= WORK TO BE COMPLETED =
Each record below should be returned word for word, with no pictures included.

= SOURCE INFORMATION =
··········
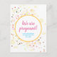 Liebliche Schwangerschaftsankündigung Postkarte mit bunten Konfetti und funkelnden Sternen! Einfach zu anpassen, mit einem niedlichen und frischen Design. Zögern Sie nicht, mich zu kontaktieren, wenn Sie Hilfe benötigen, um diese oder andere Designs in meinem Geschäft zu personalisieren!
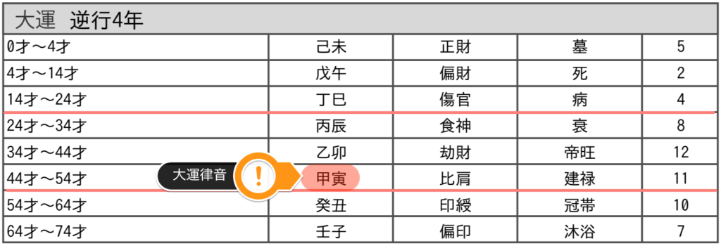 本人の運気を示す日柱の干支が大運を巡ることから、大運律音は通常の倍の成果が出せる10年間になるといわれています。
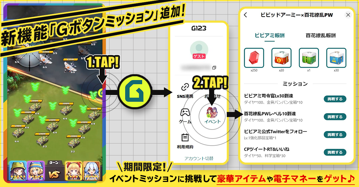 G123のゲーム画面端にある「Gボタン」から、各種イベントミッションに挑戦ができます。クリア報酬でゲーム内アイテムが獲得でき、さらにコンプリート報酬ではG123で使用できるビットキャッシュ最大5万円分が抽選で当たります。
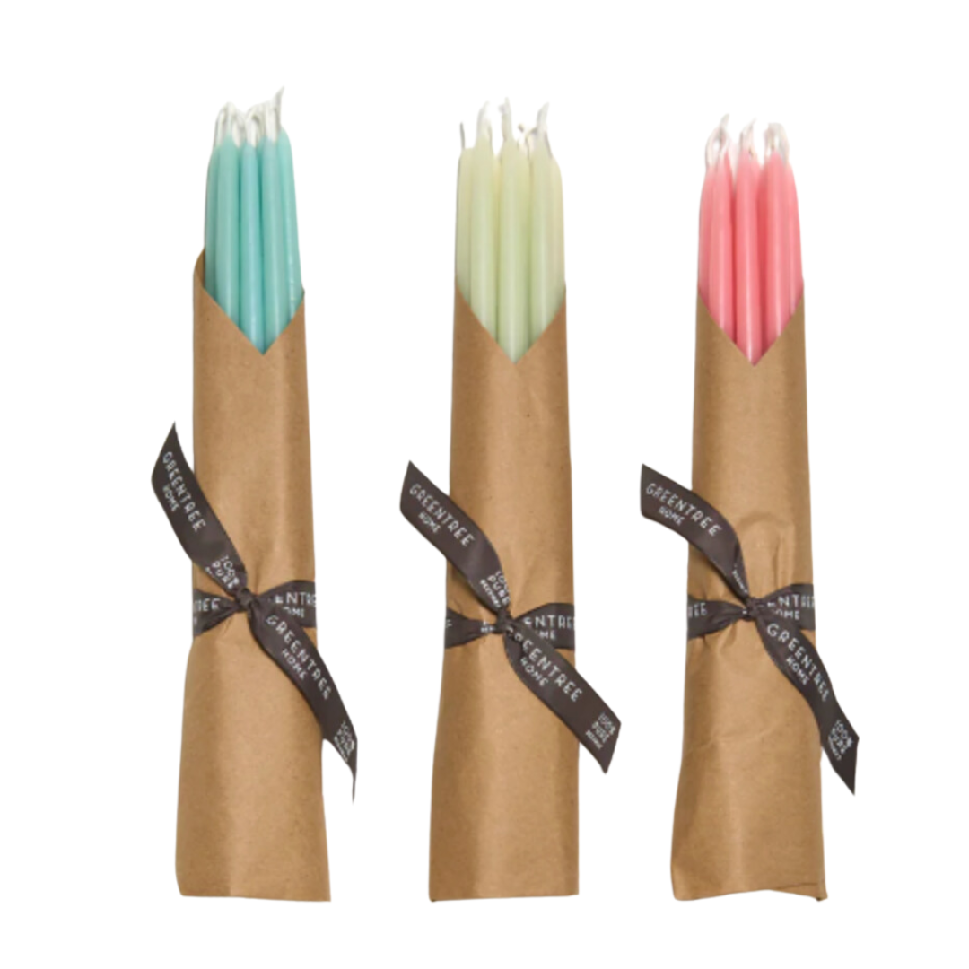 Ideal for celebrations big and small! Each bundle includes 10 tapers – just the right number of candles to cluster together on top of a celebration cake, or to light up your home as the nights get longer and days shorter.
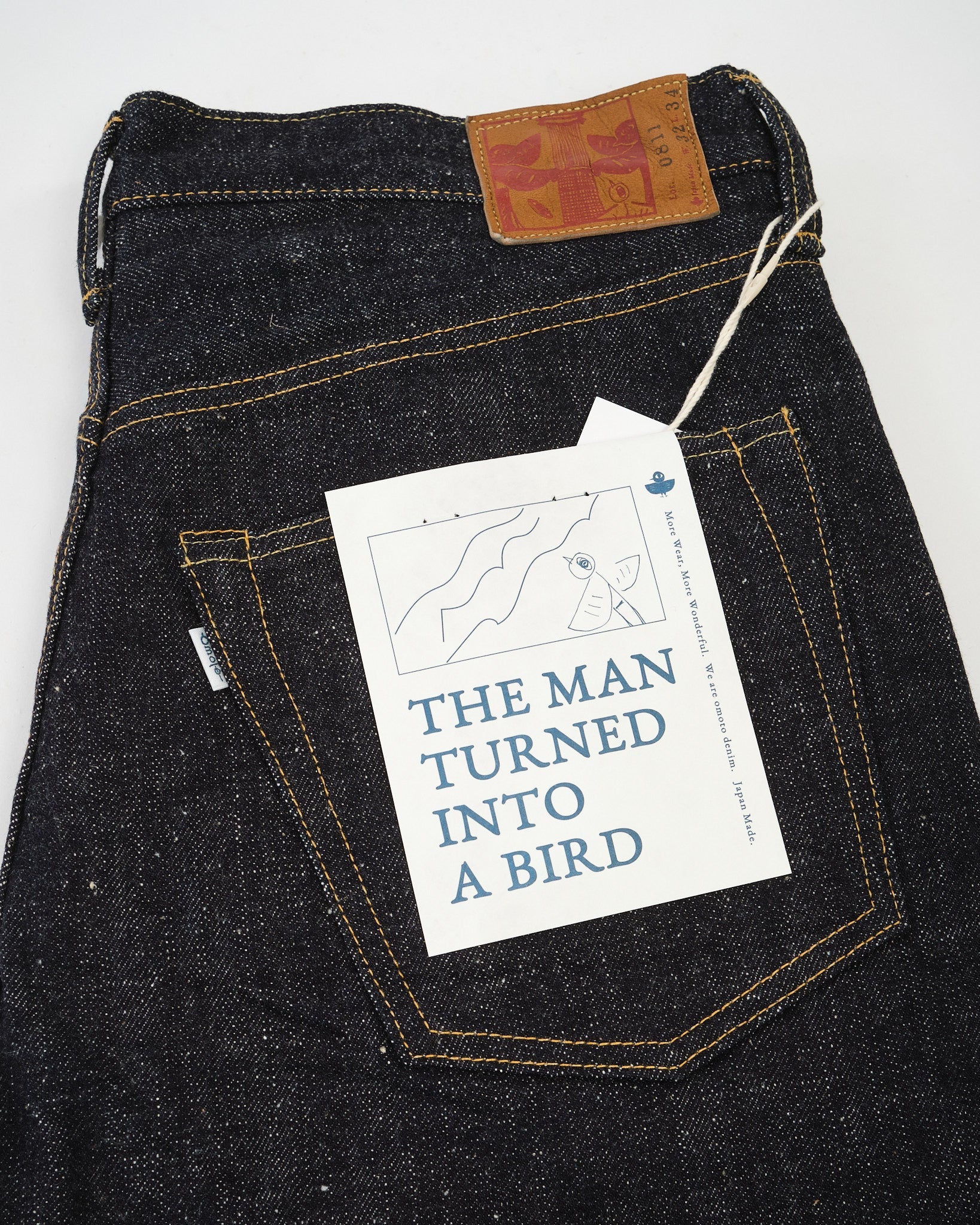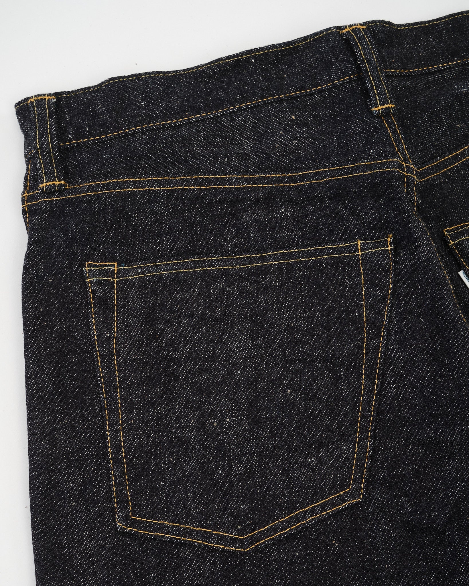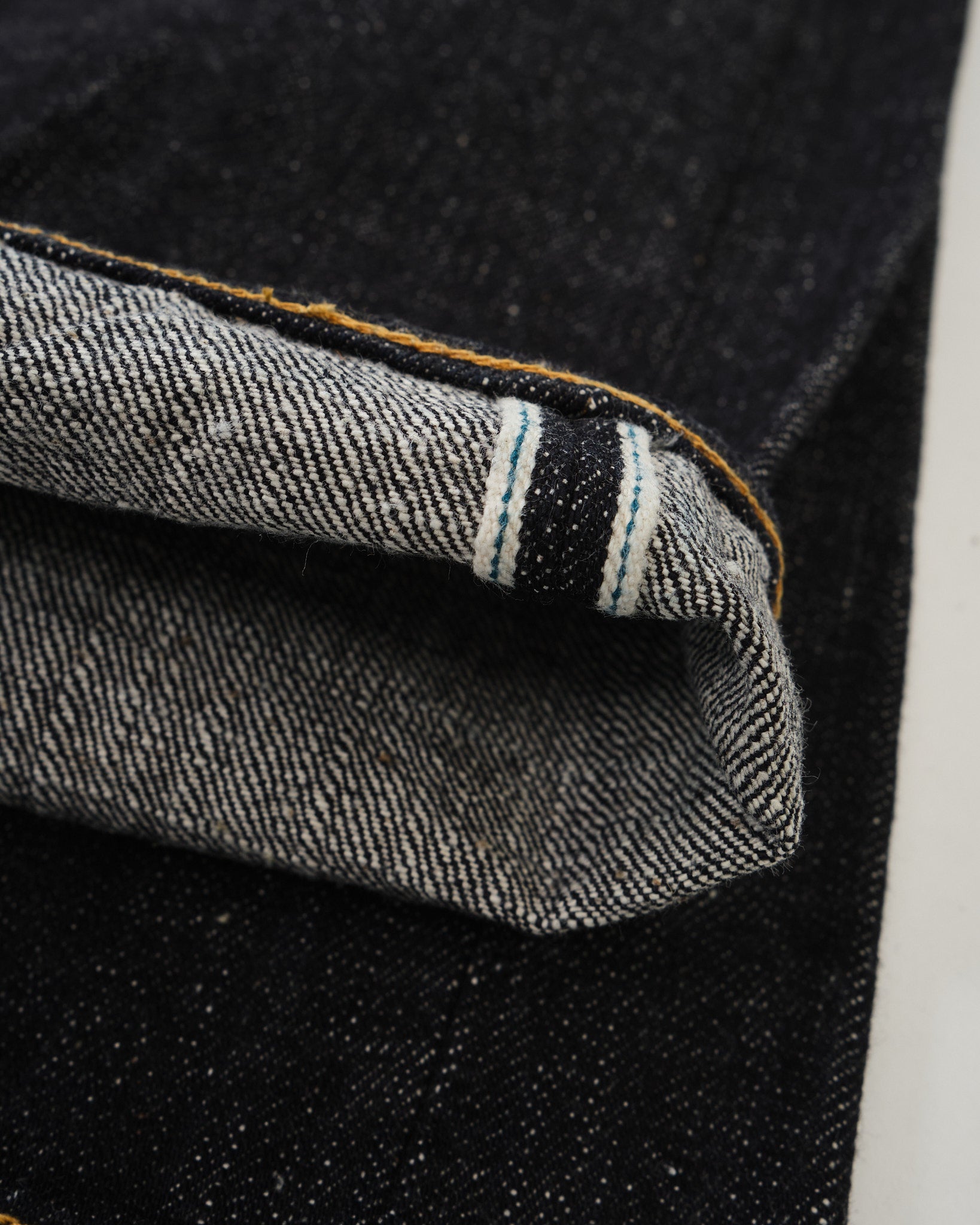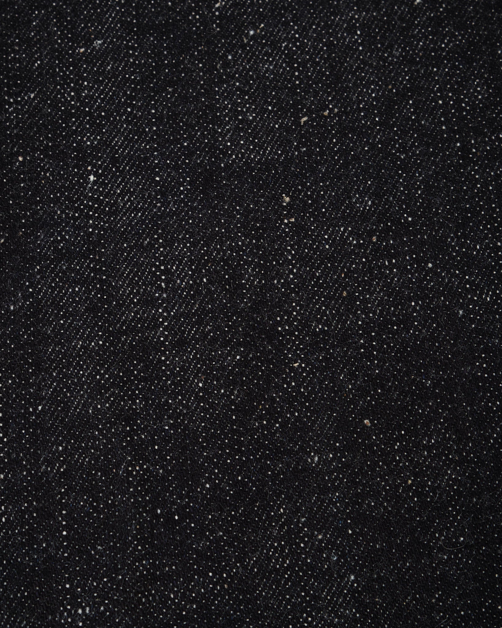 Le tissu est un denim robuste de 15.5oz tissé sur d'anciens métiers à tisser navette Toyoda. Les fils de chaîne sont fortement irréguliers pour une texture prononcée, tandis que la trame intègre des fils de bourre filés à partir de coton recyclé. Cette combinaison crée un denim qui développe des délavages verticaux audacieux et un processus de vieillissement unique en son genre. Le tissage à faible tension donne au tissu une qualité rugueuse au toucher et une profondeur de caractère.
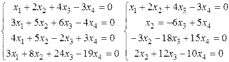 Загальний розв’язок системи (8х3-7х4,-х3+5х4,х3,х4),х3,x4єR. Для знаходження базису простору складемо табличку
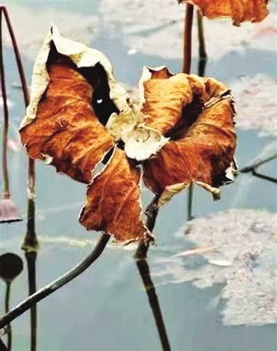 秋风愁,我独立湿地怅望洁白无瑕的荷花像羞花闭月的少女失去了摇曳的舞姿那出淤泥而不染像高傲的君子荷叶失去了挺拔的英姿这是任何力量都不能阻挡的“莲子已成荷叶老”(注)荷叶自信从湖底历经数月的顽强冲出了湖面。向世界展示自己存在的楚楚动人此时,我感叹不已昨日喜雨,今日叶黄现在的自己就像一片残叶怅望着汾河的潺潺水声其实残叶也是一首绝美的诗注:出自(宋)李清照《双调忆王孙·赏荷》
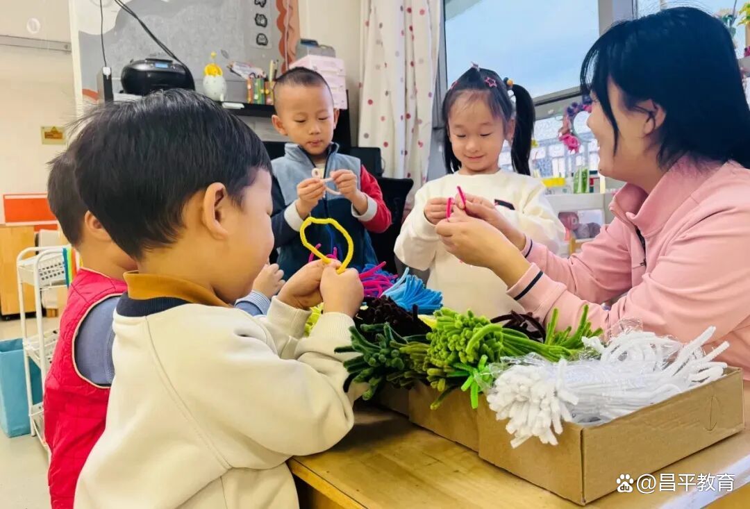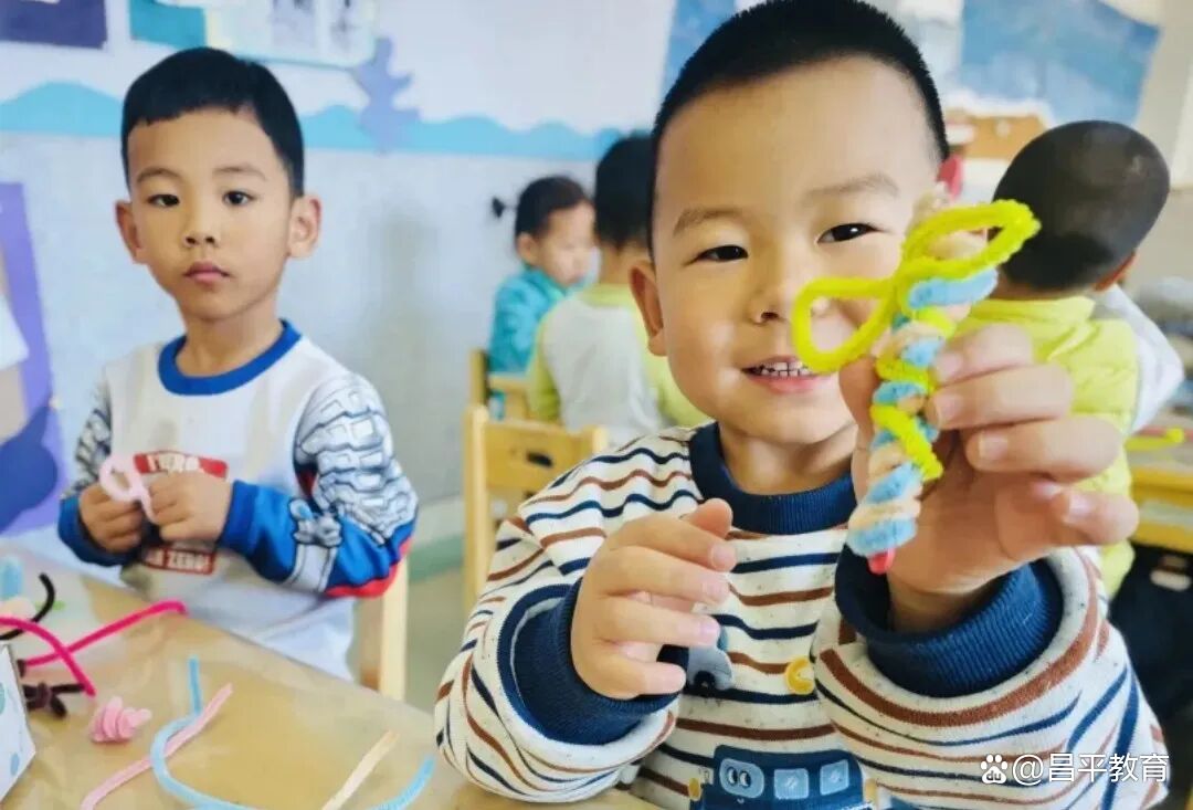 南口镇中心幼儿园的孩子们拿起五颜六色的扭扭棒,通过看、摸、试,自主发现扭扭棒的秘密,从制作魔法棒、宝石发卡,到合作完成“扭扭小虫”、新年鞭炮与烟花,每一步都充满创意与挑战。在自由探索与合作游戏中锻炼了动手能力,更在解决问题、同伴互助中收获了成长。
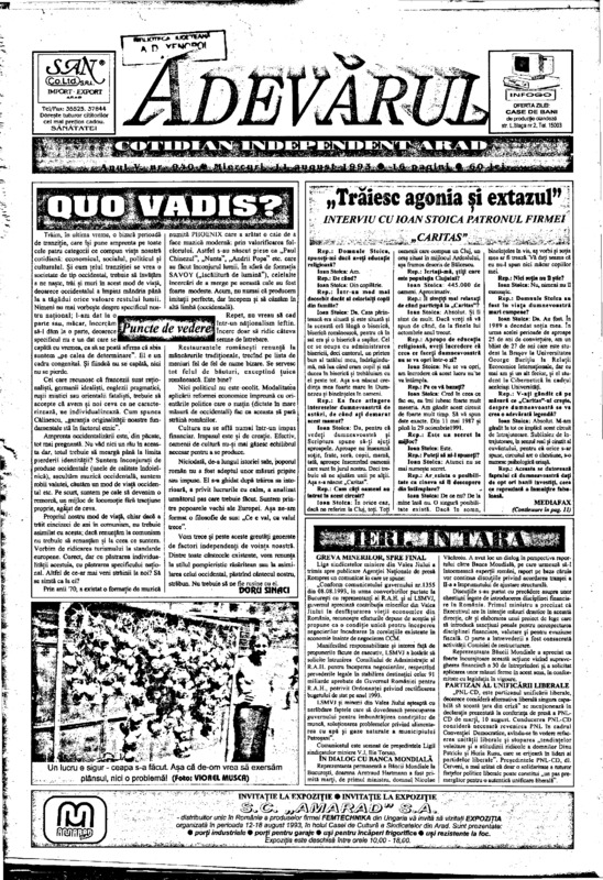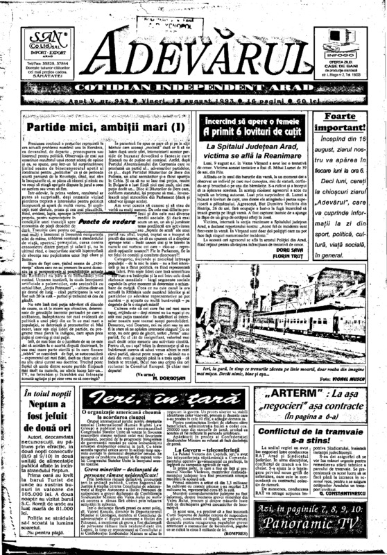 Adevărul, anul V, nr. 944, 1993-08-16
··········
= ANSWER TO THIS PROBLEM =
 Liebliche Schwangerschaftsankündigung Postkarte mit bunten Konfetti und funkelnden Sternen! Einfach zu anpassen, mit einem niedlichen und frischen Design. Zögern Sie nicht, mich zu kontaktieren, wenn Sie Hilfe benötigen, um diese oder andere Designs in meinem Geschäft zu personalisieren!
 本人の運気を示す日柱の干支が大運を巡ることから、大運律音は通常の倍の成果が出せる10年間になるといわれています。
 G123のゲーム画面端にある「Gボタン」から、各種イベントミッションに挑戦ができます。クリア報酬でゲーム内アイテムが獲得でき、さらにコンプリート報酬ではG123で使用できるビットキャッシュ最大5万円分が抽選で当たります。
 Ideal for celebrations big and small! Each bundle includes 10 tapers – just the right number of candles to cluster together on top of a celebration cake, or to light up your home as the nights get longer and days shorter.
 Le tissu est un denim robuste de 15.5oz tissé sur d'anciens métiers à tisser navette Toyoda. Les fils de chaîne sont fortement irréguliers pour une texture prononcée, tandis que la trame intègre des fils de bourre filés à partir de coton recyclé. Cette combinaison crée un denim qui développe des délavages verticaux audacieux et un processus de vieillissement unique en son genre. Le tissage à faible tension donne au tissu une qualité rugueuse au toucher et une profondeur de caractère.
 Загальний розв’язок системи (8х3-7х4,-х3+5х4,х3,х4),х3,x4єR. Для знаходження базису простору складемо табличку
 秋风愁,我独立湿地怅望洁白无瑕的荷花像羞花闭月的少女失去了摇曳的舞姿那出淤泥而不染像高傲的君子荷叶失去了挺拔的英姿这是任何力量都不能阻挡的“莲子已成荷叶老”(注)荷叶自信从湖底历经数月的顽强冲出了湖面。向世界展示自己存在的楚楚动人此时,我感叹不已昨日喜雨,今日叶黄现在的自己就像一片残叶怅望着汾河的潺潺水声其实残叶也是一首绝美的诗注:出自(宋)李清照《双调忆王孙·赏荷》
 南口镇中心幼儿园的孩子们拿起五颜六色的扭扭棒,通过看、摸、试,自主发现扭扭棒的秘密,从制作魔法棒、宝石发卡,到合作完成“扭扭小虫”、新年鞭炮与烟花,每一步都充满创意与挑战。在自由探索与合作游戏中锻炼了动手能力,更在解决问题、同伴互助中收获了成长。
 Adevărul, anul V, nr. 944, 1993-08-16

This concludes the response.